_BRIEF:_ This exercise calls for the whole listing to be given again exactly, without images.

_DATA SHOWN:_
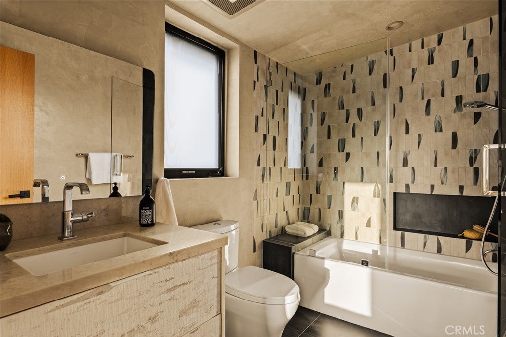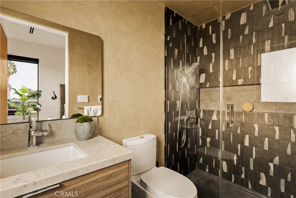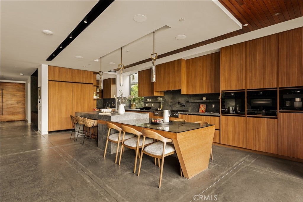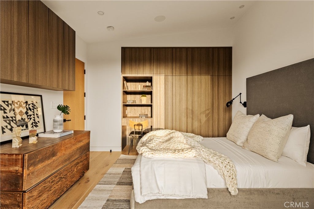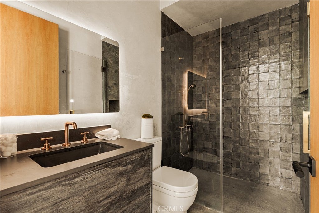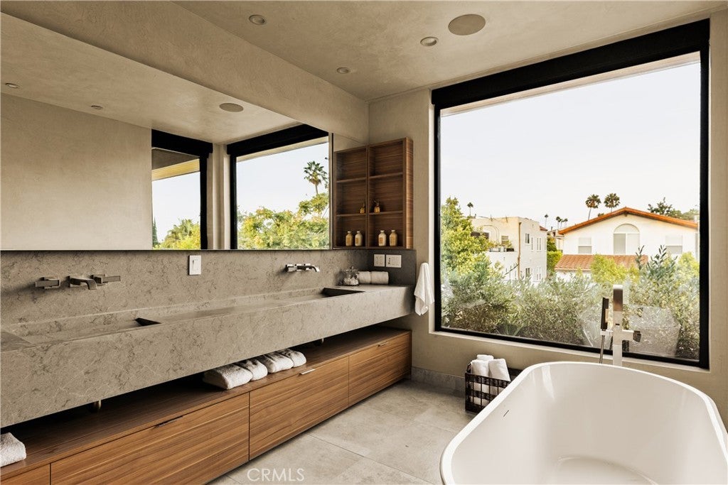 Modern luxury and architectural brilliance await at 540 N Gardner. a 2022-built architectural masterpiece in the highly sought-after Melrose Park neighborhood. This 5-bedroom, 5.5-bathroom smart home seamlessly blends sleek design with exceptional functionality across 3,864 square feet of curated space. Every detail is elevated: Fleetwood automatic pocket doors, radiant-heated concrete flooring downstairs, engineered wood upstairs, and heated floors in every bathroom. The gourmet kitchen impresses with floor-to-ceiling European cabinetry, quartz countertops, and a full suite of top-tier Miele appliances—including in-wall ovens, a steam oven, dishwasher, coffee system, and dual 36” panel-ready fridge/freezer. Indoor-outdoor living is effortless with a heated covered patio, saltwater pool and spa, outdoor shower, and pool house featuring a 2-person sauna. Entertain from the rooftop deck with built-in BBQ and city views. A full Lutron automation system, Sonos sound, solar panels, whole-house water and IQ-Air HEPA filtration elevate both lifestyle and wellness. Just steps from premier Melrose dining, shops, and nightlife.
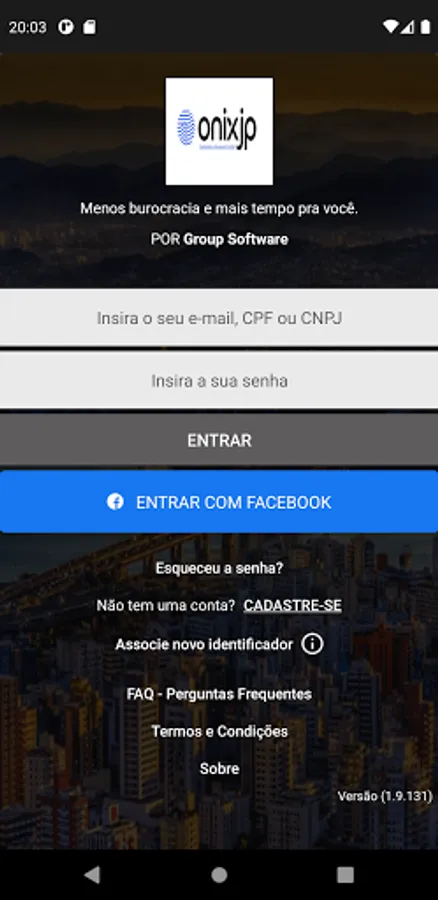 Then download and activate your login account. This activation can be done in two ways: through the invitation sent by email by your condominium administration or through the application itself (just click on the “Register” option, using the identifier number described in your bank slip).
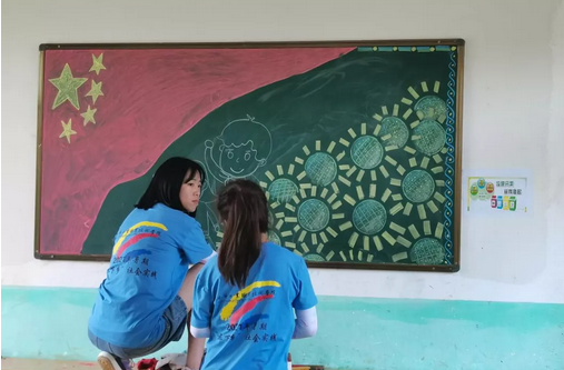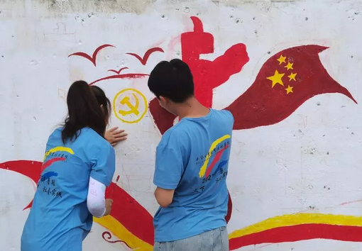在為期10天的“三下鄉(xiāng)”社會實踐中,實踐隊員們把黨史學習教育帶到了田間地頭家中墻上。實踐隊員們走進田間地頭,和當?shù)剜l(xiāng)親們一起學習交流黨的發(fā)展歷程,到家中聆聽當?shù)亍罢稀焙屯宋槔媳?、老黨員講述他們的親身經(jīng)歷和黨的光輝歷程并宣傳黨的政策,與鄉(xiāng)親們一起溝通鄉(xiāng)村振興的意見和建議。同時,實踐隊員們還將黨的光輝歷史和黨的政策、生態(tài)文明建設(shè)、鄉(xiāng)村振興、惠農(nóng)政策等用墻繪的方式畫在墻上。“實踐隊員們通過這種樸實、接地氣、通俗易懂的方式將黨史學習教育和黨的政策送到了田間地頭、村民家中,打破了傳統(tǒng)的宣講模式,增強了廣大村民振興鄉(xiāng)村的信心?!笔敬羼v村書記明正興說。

_THE ANSWER:_
 Modern luxury and architectural brilliance await at 540 N Gardner. a 2022-built architectural masterpiece in the highly sought-after Melrose Park neighborhood. This 5-bedroom, 5.5-bathroom smart home seamlessly blends sleek design with exceptional functionality across 3,864 square feet of curated space. Every detail is elevated: Fleetwood automatic pocket doors, radiant-heated concrete flooring downstairs, engineered wood upstairs, and heated floors in every bathroom. The gourmet kitchen impresses with floor-to-ceiling European cabinetry, quartz countertops, and a full suite of top-tier Miele appliances—including in-wall ovens, a steam oven, dishwasher, coffee system, and dual 36” panel-ready fridge/freezer. Indoor-outdoor living is effortless with a heated covered patio, saltwater pool and spa, outdoor shower, and pool house featuring a 2-person sauna. Entertain from the rooftop deck with built-in BBQ and city views. A full Lutron automation system, Sonos sound, solar panels, whole-house water and IQ-Air HEPA filtration elevate both lifestyle and wellness. Just steps from premier Melrose dining, shops, and nightlife.
 Then download and activate your login account. This activation can be done in two ways: through the invitation sent by email by your condominium administration or through the application itself (just click on the “Register” option, using the identifier number described in your bank slip).
在為期10天的“三下鄉(xiāng)”社會實踐中,實踐隊員們把黨史學習教育帶到了田間地頭家中墻上。實踐隊員們走進田間地頭,和當?shù)剜l(xiāng)親們一起學習交流黨的發(fā)展歷程,到家中聆聽當?shù)亍罢稀焙屯宋槔媳?、老黨員講述他們的親身經(jīng)歷和黨的光輝歷程并宣傳黨的政策,與鄉(xiāng)親們一起溝通鄉(xiāng)村振興的意見和建議。同時,實踐隊員們還將黨的光輝歷史和黨的政策、生態(tài)文明建設(shè)、鄉(xiāng)村振興、惠農(nóng)政策等用墻繪的方式畫在墻上。“實踐隊員們通過這種樸實、接地氣、通俗易懂的方式將黨史學習教育和黨的政策送到了田間地頭、村民家中,打破了傳統(tǒng)的宣講模式,增強了廣大村民振興鄉(xiāng)村的信心?!笔敬羼v村書記明正興說。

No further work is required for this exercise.